Today while researching the Lolo rack, I ran across Woof Rax. From what I can tell, it looks like a very similar (identical?) design, but its $150 cheaper.

However, I can't see much, if any discussion about "Woof rax" online in my quick searches, which makes me a bit warry. Does anyone here have one/have experience with them?

I've been looking for a rack 4-6 bike rack that can fit multiple bike types (mostly mountain, kids bikes (in the future), and potentially road/gravel bikes as well. The ability to store it flat against the wall in the garage is another thing I'm looking for.
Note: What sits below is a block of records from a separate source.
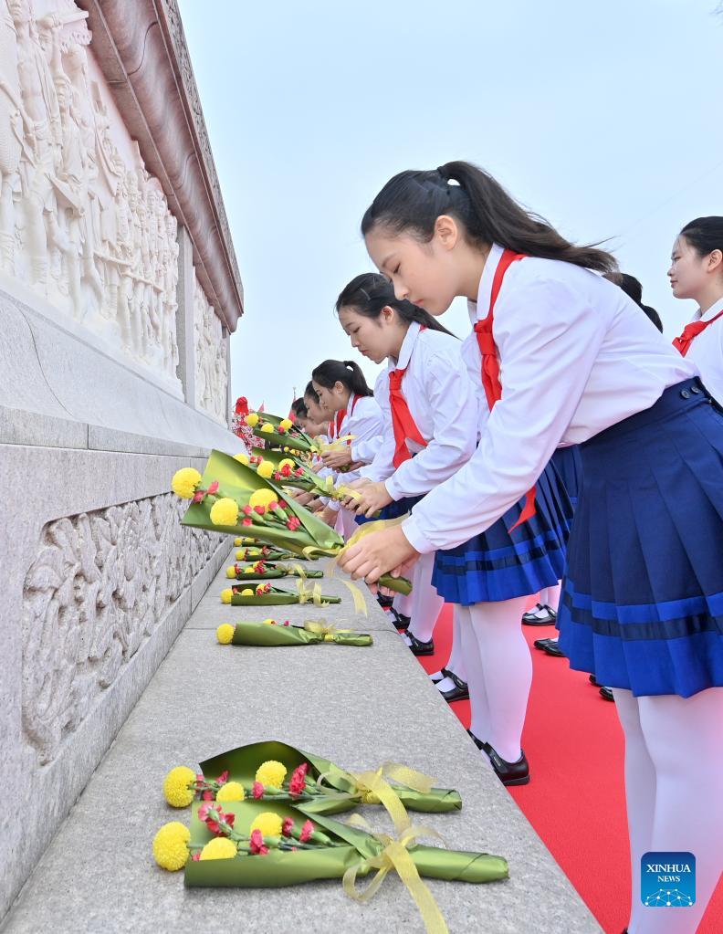 A ceremony offering floral tribute to fallen national heroes is held at Tian'anmen Square to mark the Martyrs' Day in Beijing, capital of China, Sept. 30, 2021. (Xinhua/Yue Yuewei)
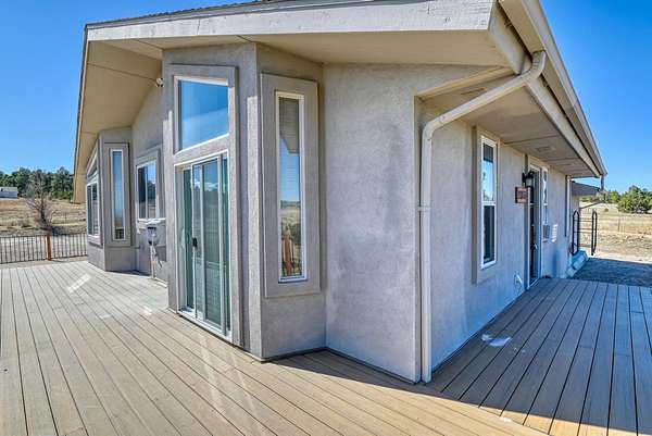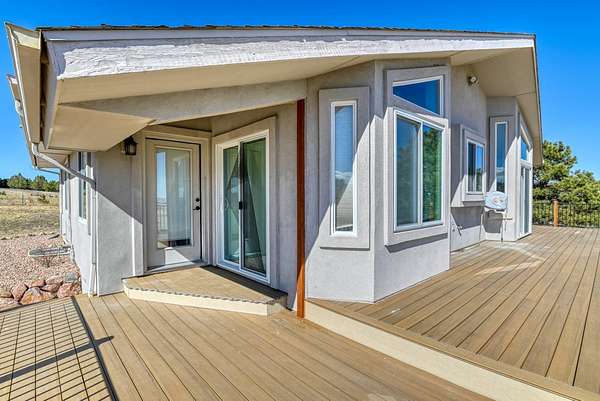 Wake up each morning to breathtaking views of Pikes Peak, rolling hills, and towering Ponderosa Pines on your own peaceful 5-acre Colorado retreat-all just minutes from shopping, dining, and everyday conveniences in Peyton and Colorado Springs. This beautiful ranch-style home offers the comfort of main-level living with a warm and inviting great room featuring vaulted ceilings and a stunning stone fireplace, perfectly positioned to take in the incredible mountain views. The remodeled kitchen offers abundant granite counter space and quality appliances, making it the perfect place to prepare meals while gathering with friends and family. Just outside, the expansive wrap-around deck invites you to entertain, relax under the Colorado sky, or enjoy the quiet beauty of the surrounding landscape. The main level includes two spacious bedrooms including a private primary suite, while the finished lower level features two additional oversized bedrooms and a massive family room-ideal for movie nights, gaming, or the ultimate teen retreat. The fully fenced 5-acre property provides space, privacy, and room to roam, while the oversized garage offers plenty of storage for vehicles, tools, and outdoor gear. If you've been dreaming of wide-open spaces, stunning mountain views, and peaceful country living without sacrificing convenience, this exceptional property offers the best of Colorado living. Attention: Buyers with a house to sell, we can solve the home sale issue easily - call for details.
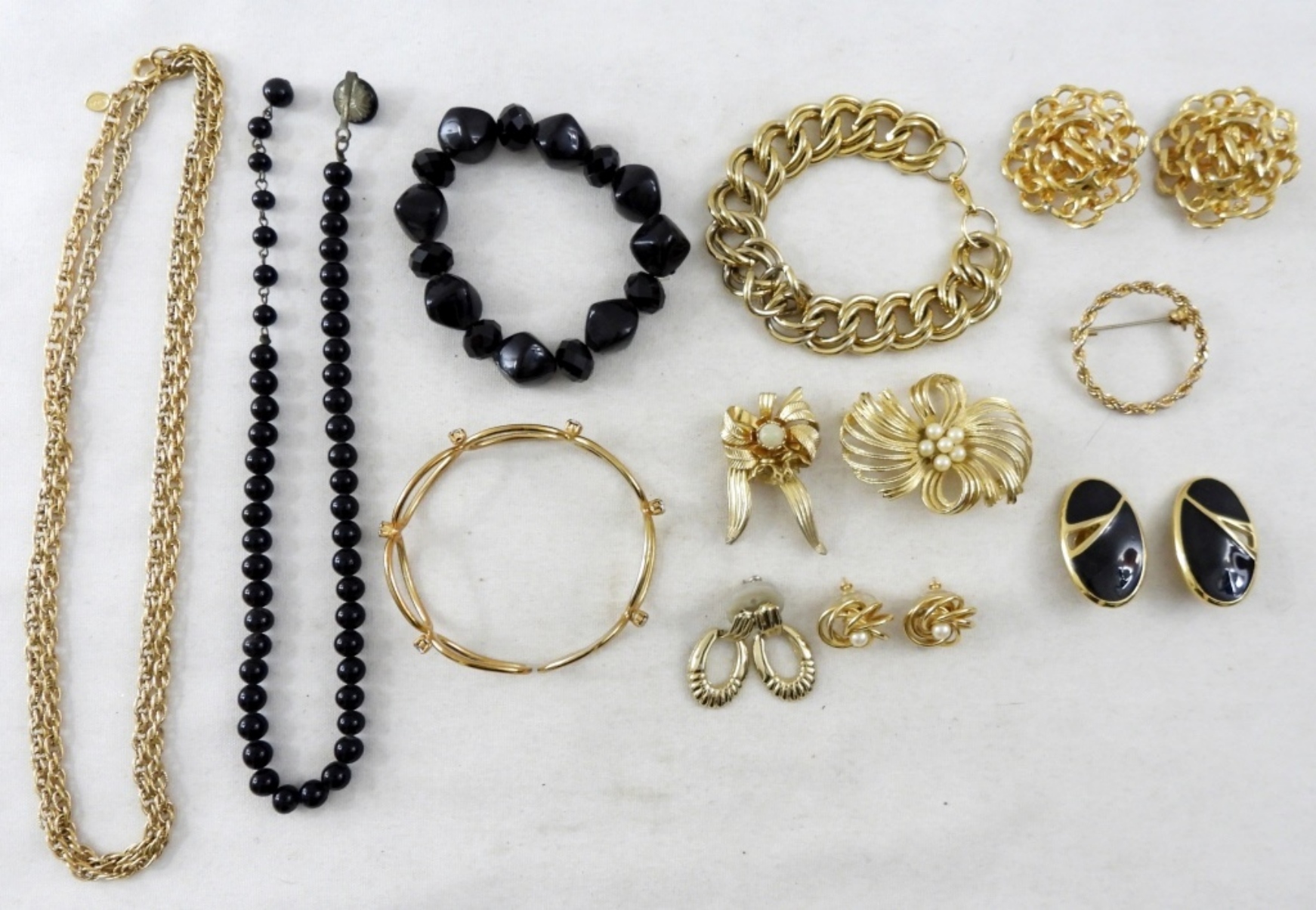 3 PIN BROOCHES, 4 PAIRS OF EARRINGS, 3 BRACELETS, 2 NECKLACES LENGTH: 14 AND 32 IN
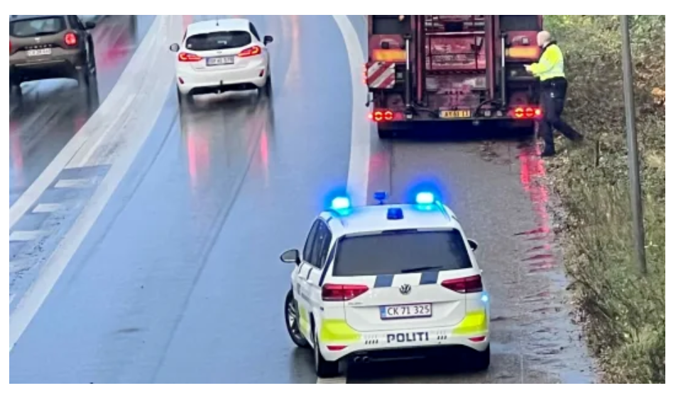 Vejhjælpen er netop ankommet til stedet og man er i gang med at gå fjernet bilen, så trafikken igen kan glide.
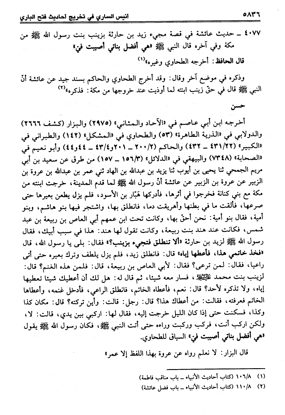 4077 - حديث عائشة في قصة مجيء زيد بن حارثة بزينب بنت رسول الله - صلى الله عليه وسلم - من مكة وفي آخره قال النبي - صلى الله عليه وسلم - "هي أفضل بناتي أصيبت فيّ"
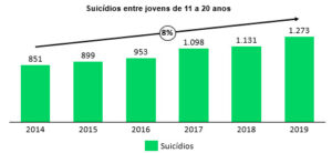 O número de suicídios no Brasil cresceu 28% em cinco anos. Entre 2014 e 2019, as pessoas que tiraram a própria vida passaram de 9,7 mil para 12,4 mil. Boa parte deste aumento tem sido registrado entre jovens de 11 a 20 anos, no qual este tipo morte aumentou neste período 49,6%.
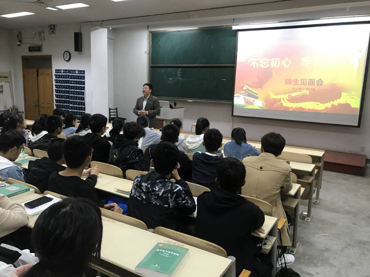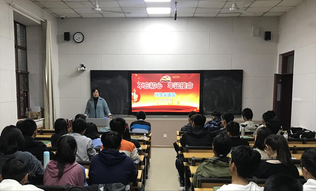 网络信息中心主任徐新农联系18级软件开发班。徐主任向同学们阐述了不忘初心,牢记使命的意义,告诫同学们要信念坚定、志存高远,不畏险阻、勇于担当,在这个伟大的时代,砥砺奋进、主动作为,用奋斗书写青春华章,奉献青春力量。
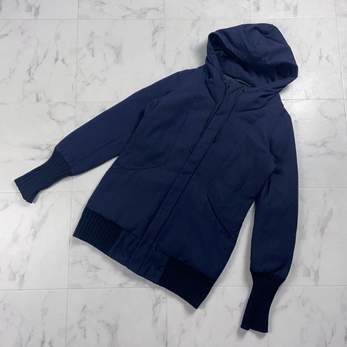 - pas de calais パドカレ リブフーデットダウンジャケット ヘリンボーン サムホール付 ポケット付 レディース ネイビー 紺 サイズ38*XC781
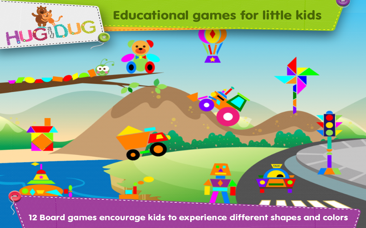 By matching shapes and colors, kids create real animated puzzles. Fly the air balloon, take a journey underwater with the submarine or build a house for Hug and Dug.
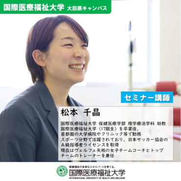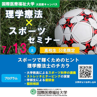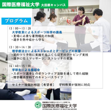 理学療法×スポーツセミナー「スポーツで輝くためのヒント、理学療法士のチカラ」:7月13日(日)に学科別説明会開催
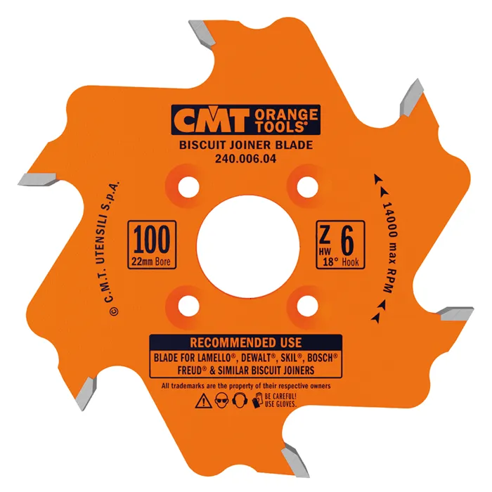 CMT lamelovací kotouč s teflonovým oranžovým povrchem je vyroben z jakostní oceli. Tělo je osazeno tvrdokovovými zuby, které garantují dlouhou životnost. Určeno pro lamelovací frézky. Vhodné pro značky Lamello, Dewalt, Porter-Cable, Skil, Bosch, Freud a další klasické lamelo stroje.
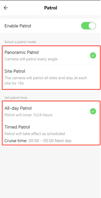 Step 4: Select a patrol mode and set patrol time.
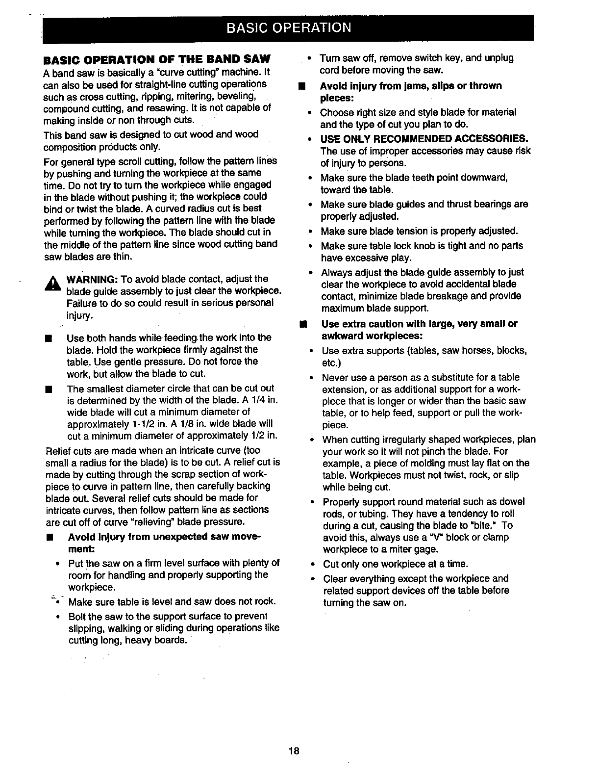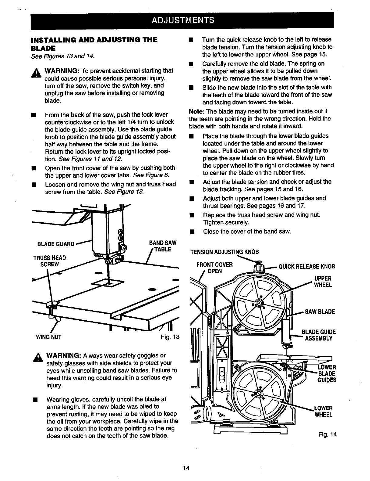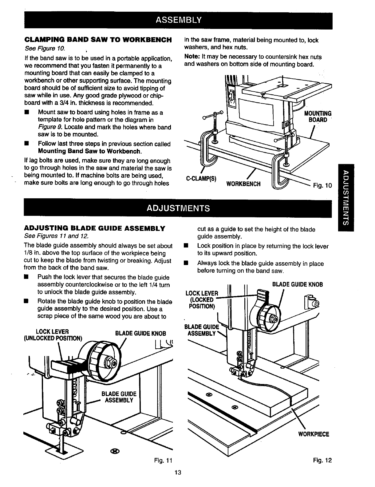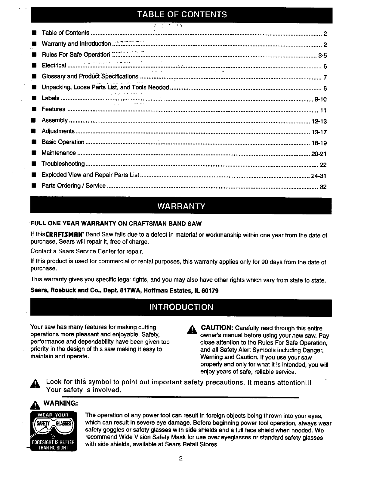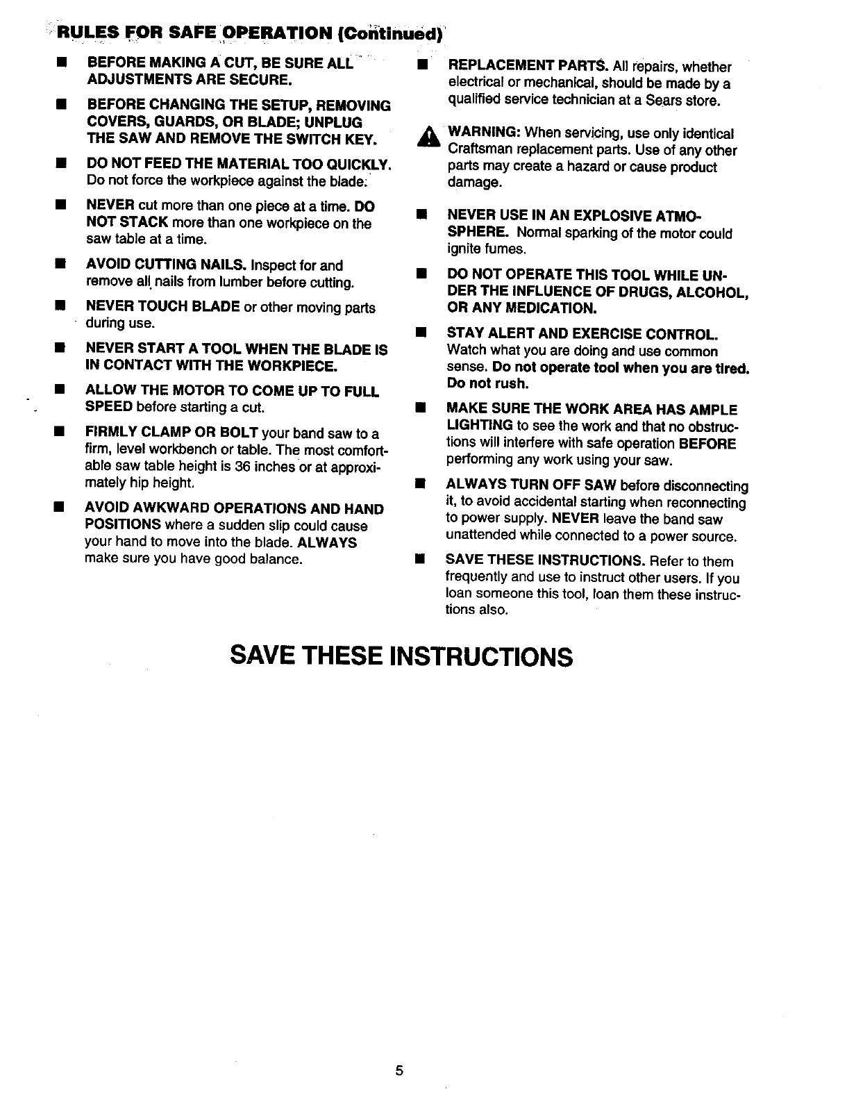CRAFTSMAN Saw Band Manual 98100165 CRAFTSMAN Saw Band Owner's Manual, CRAFTSMAN Saw Band installation guides
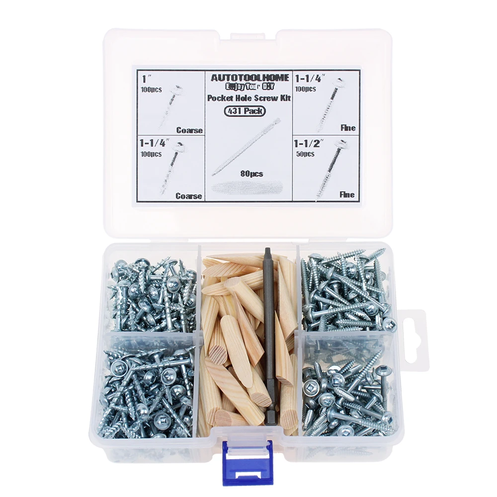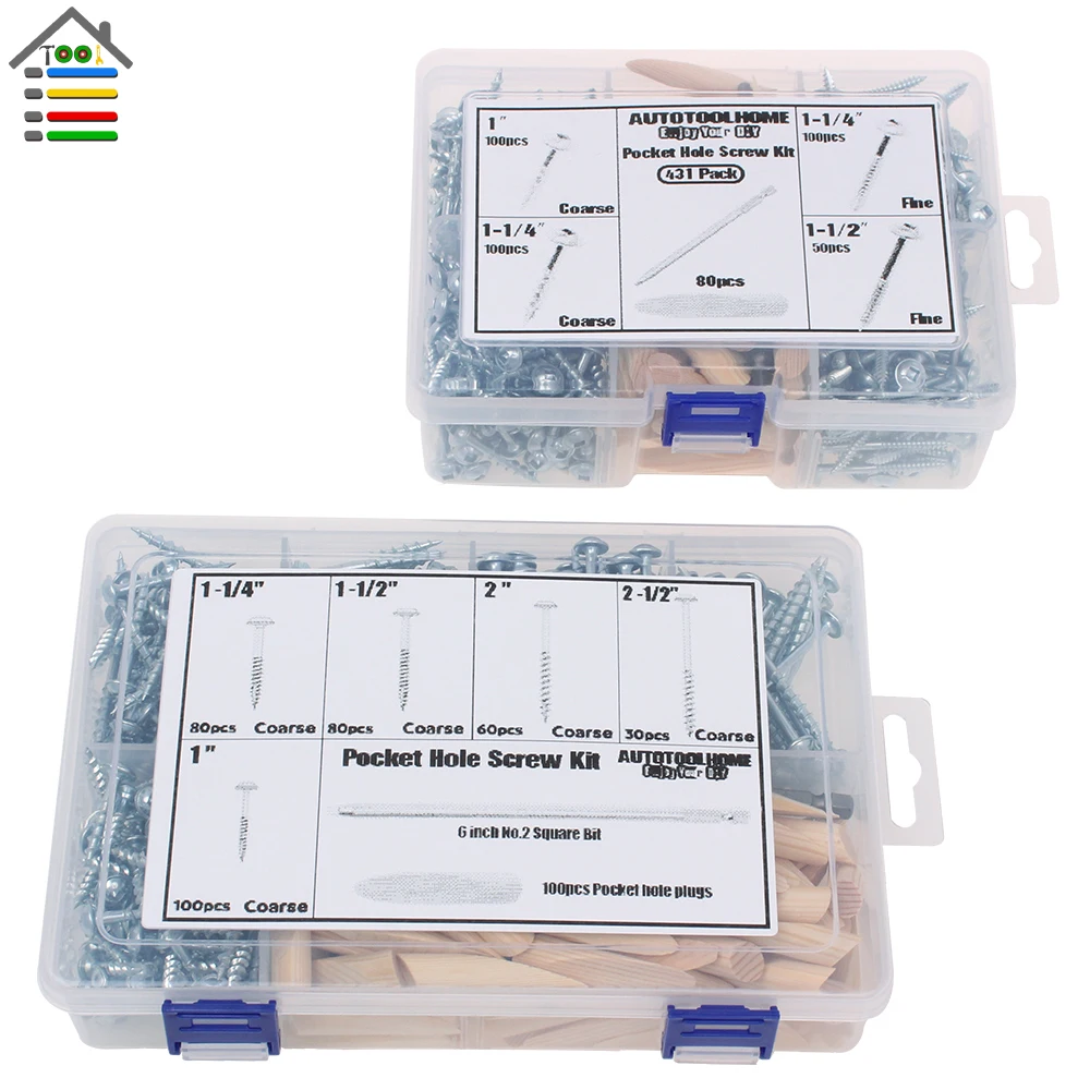 Карманные винты для отверстий набор пробок с цинковым покрытием мелкая и крупная расческа Резьбовая шайба деревянные винты для карманного отверстия джиг 431 шт/451 шт

So up until this point, the Lolo rack has seemed to be the best option. It seems to have pretty good reviews (even if its not as many as say... the Northshore bike rack, or 1up), and seems to fit the other criteria. But if the Woof rax are just as good, then that seems to be an easy way to save a couple hundred bucks. But if its a cheap knockoff... Then there is no way its worth it.

That said, if anyone knows of any other options I should be looking at, I'm all ears .


----------



## OldHouseMan (Dec 7, 2006)

Just at a glance, the Lolo Rack looks far more refined than the Woof Rax. 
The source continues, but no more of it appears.